Opinion
CASE NO. 08-3092-SAC.
September 2, 2009
ORDER
Plaintiff, a prisoner incarcerated in the Larned Correctional Mental Health Facility in Larned, Kansas, proceeds pro se and in forma pauperis on a complaint filed under 42 U.S.C. § 1983, seeking damages for the alleged violation of his constitutional rights while confined at the El Dorado Correctional Facility (EDCF) in El Dorado, Kansas. Specifically, plaintiff alleged EDCF defendants unlawfully used excessive force against him, and impermissibly interfered with his access to the courts.
Plaintiff also seeks unspecified injunctive relief. Because plaintiff names only EDCF defendants, any such claim for injunctive relief was rendered moot by plaintiff's transfer from that facility. See Martin v. Sargent, 780 F.2d 1334 (8th Cir. 1985) (claim for injunctive relief moot if no longer subject to conditions). See also, Cox v. Phelps Dodge Corp., 43 F.3d 1345, 1348 (10th Cir. 1994) (declaratory relief subject to mootness doctrine).
The court reviewed the complaint and directed plaintiff to show cause why it should not be summarily dismissed as stating no claim for relief because the facts alleged and provided by plaintiff did not support a plausible finding that defendants used excessive force under the circumstances, and because plaintiff identified no actual prejudice to his pursuit of a valid nonfrivolous claim. See Hudson v. McMillian, 503 U.S. 1, 7 (1992); Lewis v. Casey, 518 U.S. 343, 351 (1996).
In response, plaintiff essentially maintains the alleged use of force by EDCF officers after plaintiff had been handcuffed violated the Eighth Amendment prohibition against subjecting him to cruel and unusual punishment. However, plaintiff does not dispute information provided in the complaint that while restrained, he was able to get up and elbow officers who sustained serious injuries while attempting to regain control.
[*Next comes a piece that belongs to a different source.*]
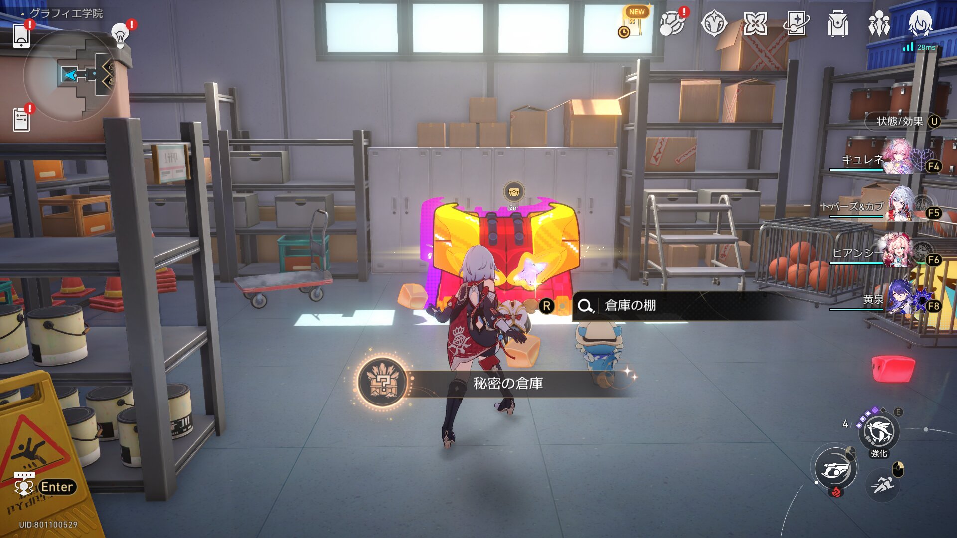 グラフィエ学院の屋内体育館にある秘密の部屋に入る

The court continues to find on the face of the record that the facts presented by plaintiff establish no plausible claim that defendants' use of force was applied "maliciously and sadistically for the very purpose of causing harm," rather than "in a good faith effort to maintain or restore discipline."Hudson v. McMillian, 503 U.S. 1, 6-7 (1992).
As to plaintiff's second claim, plaintiff simply restates that two EDCF defendants failed to provide administrative forms necessary to access the court in a timely manner regarding the alleged use of force. However, plaintiff identifies no filing that was barred as untimely or otherwise, and plaintiff does not have to establish his exhaustion of administrative remedies in order to file a complaint in federal court. See Jones v. Bock, 549 U.S. 199, 216 (2007) (a prisoner's failure to fully and properly exhaust administrative remedies as required by 42 U.S.C. § 1997e(a) is an affirmative defense to be raised by defendants; "inmates are not required to specifically plead or demonstrate exhaustion in their complaints"). Thus plaintiff's allegations provide no factual support for the necessary finding that a defendant's action caused him any actual prejudice in pursuing a nonfrivolous legal claim. Lewis v. Casey, 518 U.S. 343, 351 (1996).
Accordingly, for the reasons stated herein and in the show cause order dated April 18, 2008, the court finds the complaint should be dismissed as stating no claim for relief. 28 U.S.C. § 1915(e)(2)(B)(ii).
IT IS THEREFORE ORDERED that complaint is dismissed as stating no claim upon which relief can be granted under 42 U.S.C. § 1983.